September | 2009 | Stupid Compiler

Archive for September 2009

Differential Reversing (or some better name)

Note: As a prefix, I want to say I can’t decide on what to call this simple technique. Everyone seems to call it something different: filtering, differential debugging, coverage diffs, or delta traces. Either way it’s a simple idea, so I’m sticking with the first name that popped in my head. Whatever it’s called, it is important to know it’s been done many times and called a few different things. Carry on…

Motivation

Close your eyes and imagine…

In a moment of irrational team spirit, you, a vocal DC native (you actually live in Montgomery County — poser), bet $5,000 on your beloved Redskins. On Sunday, the Skins lose to the worst team in the league. You spend a night trying to destroy the part of your brain responsible for this lapse of judgment by consuming many many shots of tequila and making many many amazingly bad choices (attempting a bad idea overflow?). It’s 9am and you wake up with a hole where the team spirit functions of your brain used to be (I’m sure there was some collateral damage but I doubt anyone will notice). After a glass of orange juice (which you manage to keep down!), you remember you don’t have $5,000 (“It’s a lock!”… right). You reflect that Willie “Wet Work” Wollinski, your bookie, doesn’t actually seem like such a nice guy and would probably not “be so nice as to forget the whole thing.” Your brainstorming session helps you realize that you have no marketable skills… besides vulnerability discovery and exploit development!
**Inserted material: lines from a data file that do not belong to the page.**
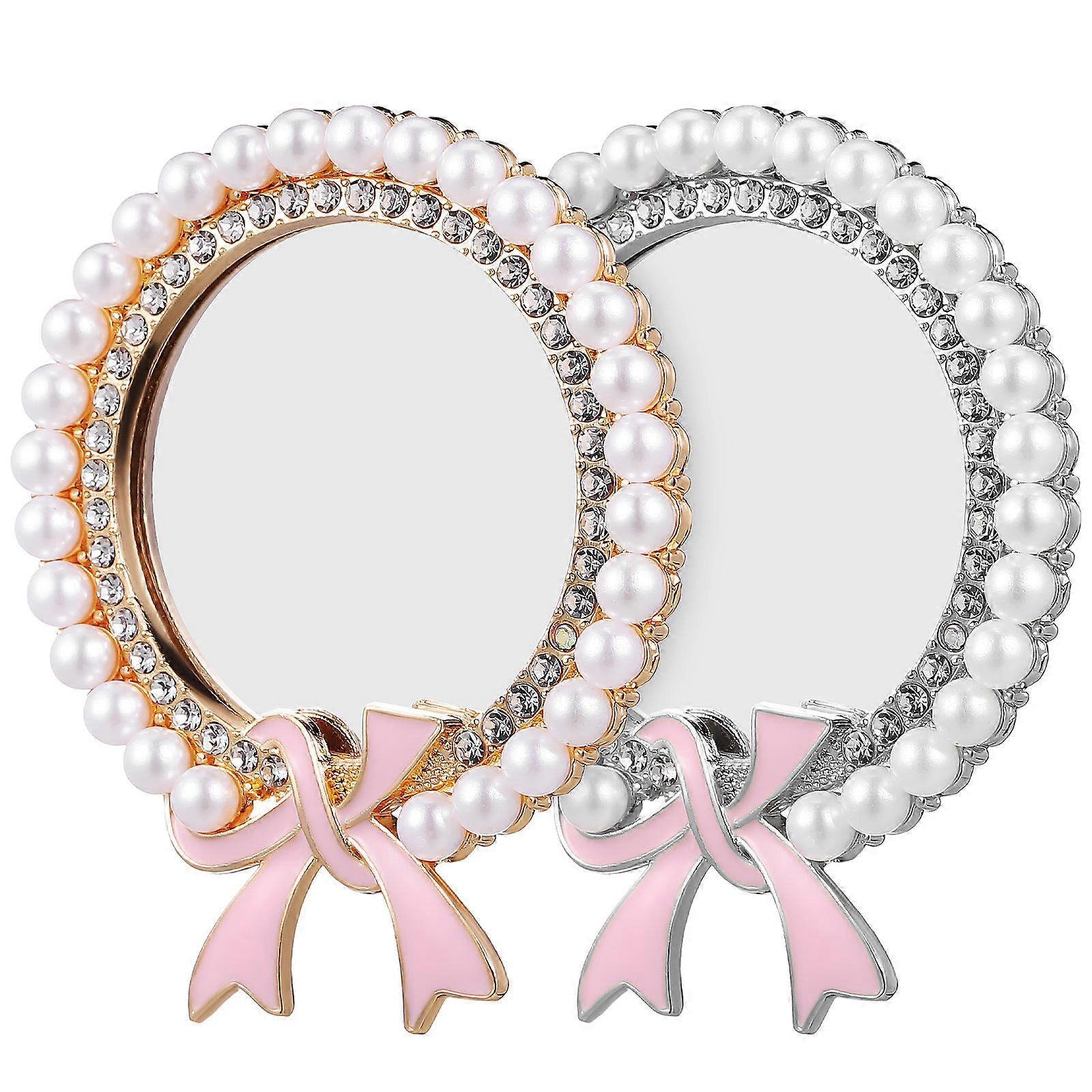 Mini Round Mirror Metal Portable Makeup Decors 6.50X5.50X0.20CM 2Pcs
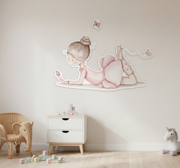 Reference: A54314Introducing our stunning Illustration sticker ballerina with butterflies! This delightful design features a graceful ballerina surrounded by whimsical butterflies, beautifully capturing the essence of dance and freedom. The vibrant colors and intricate details create a captivating visual experience, making this sticker a perfect addition to your home decor.
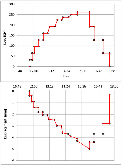 Four lateral load tests on 609 mm diameter, 12 mm thick, metallic tubular piles have been carried out. The piles were driven to a depth of 23 m. The load was applied at the top of the pile, up to 260 KN, on 10 steps. Each step was 32.5 KN and it was kept by 30 min before to apply the next step. A representative graph of these tests is shown in the following Figure 4.
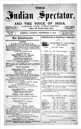 Indian Spectator, September 13, 1891.
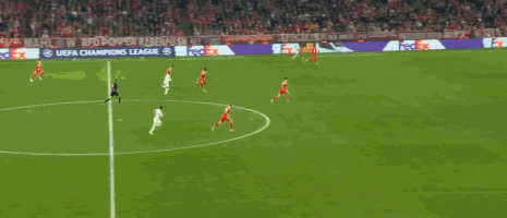 慢镜头回放显示:吕迪格尝试策动长传发动快攻,皮球被拜仁后卫拦截后,居莱尔迅速将球分至左路空档,维尼修斯如离弦之箭沿边线狂奔,在底线附近形成单刀之势。
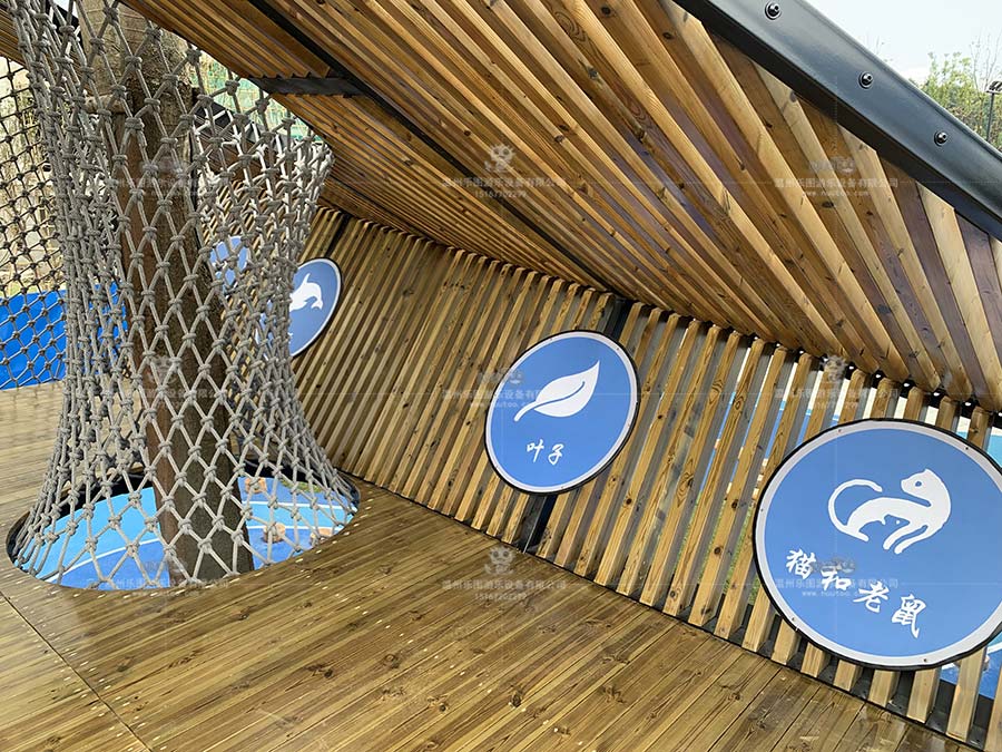 室外木質組合滑梯集鉆、爬、滑、刺、擺等功能于一體,可培養兒童的獨立個性、鍛煉能力、大腦和智力。該裝置具有任意性、無動力、交互性和安全性等特點。設計簡單,是幼兒園中必備的戶外大型玩具。
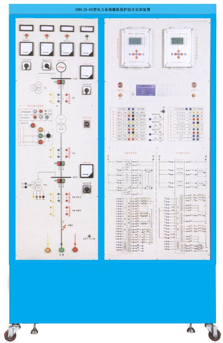 電力系統微機保護綜合實(shí)訓裝置,電力系統微機保護綜合實(shí)訓柜是針對職業(yè)院校的電力技術(shù)類(lèi)專(zhuān)業(yè)“電力系統繼電保護”、“電力系統微機保護”及相關(guān)專(zhuān)業(yè)課程設計的綜合型實(shí)訓裝置。該實(shí)訓裝置采用電力工程中廣泛應用的微機線(xiàn)路測控裝置和微機變壓器測控裝置,配置模擬一次系統(含輸電線(xiàn)路、電力變壓器、負載阻抗、短路阻抗)、三相可調電源調壓器、系統故障設置模塊、智能故障設置排除及考核裝置等功能模塊,可以完成微機線(xiàn)路、微機變壓器保護裝置的特性測試、接線(xiàn)、以及線(xiàn)路保護、變壓器保護的參數整定設置、運行等方面的實(shí)訓和考核項目。本裝置可用于電力行業(yè)培訓,也可以用于職業(yè)院校等相關(guān)專(zhuān)業(yè)的實(shí)訓教學(xué)。
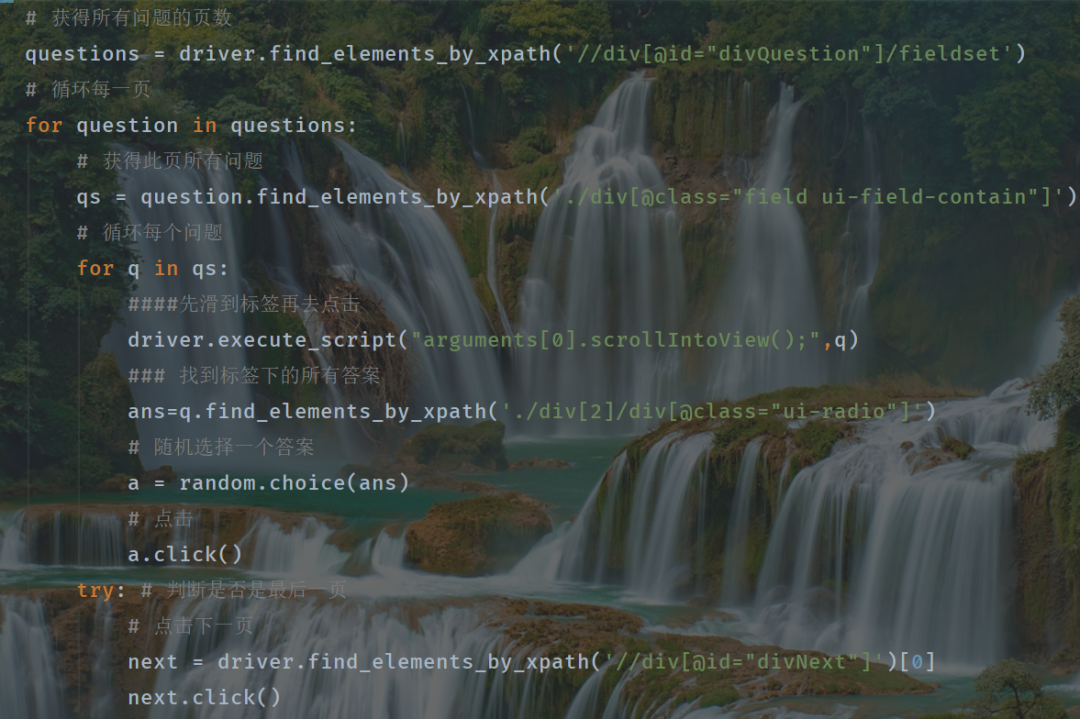 接下来就简单多了,问题就是提取所有页的标签,循环每一页标签,从每一页标签中提取每个问题,再随机选择答案,翻页,最后提交。
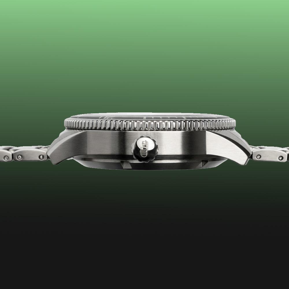 La caja de acero del ABYSS 200 ofrece una presencia firme y equilibrada en la muñeca, combinando robustez y comodidad. Cada elemento está pensado para soportar el uso intensivo, proteger el movimiento y mantener su carácter con el paso del tiempo. Una construcción honesta, sin artificios, donde cada milímetro cumple una función clara.

You decide to try and find a bug in some large widely installed software and sell your new found bug to ZDI or iDefense. Having already read this blog post, you use differential reversing to pinpoint the implementation of an interesting feature in your target application, use the IDA plug-in to audit, find an exploitable bug, pound out a PoC and write a fairly weak advisory (but it should be worth $5,000). Hooray! You can keep your kneecaps (for this week at least). Thank $DEITY you read this blog post and didn’t waste time auditing extra sections of the target binary.

Overview

Differential reversing (as I am deeming it) is a really simple method to select starting points in a binary for dynamic auditing. This isn’t a new idea, I didn’t invent this technique. People have been doing this for-evah. I’m just documenting a useful set of tools I’ve developed to make my life easier. Pedram Amini’s Process Stalker can do this (calls it “filtering”). It does a bunch of other awesome stuff too. I’m also told Zynamics BinNavi can do this (they call it “differential debugging”), but I don’t have a rich uncle to buy me a copy so I cannot give a first hand account of how it works. It looks pretty nice — check out the BinNavi page for details.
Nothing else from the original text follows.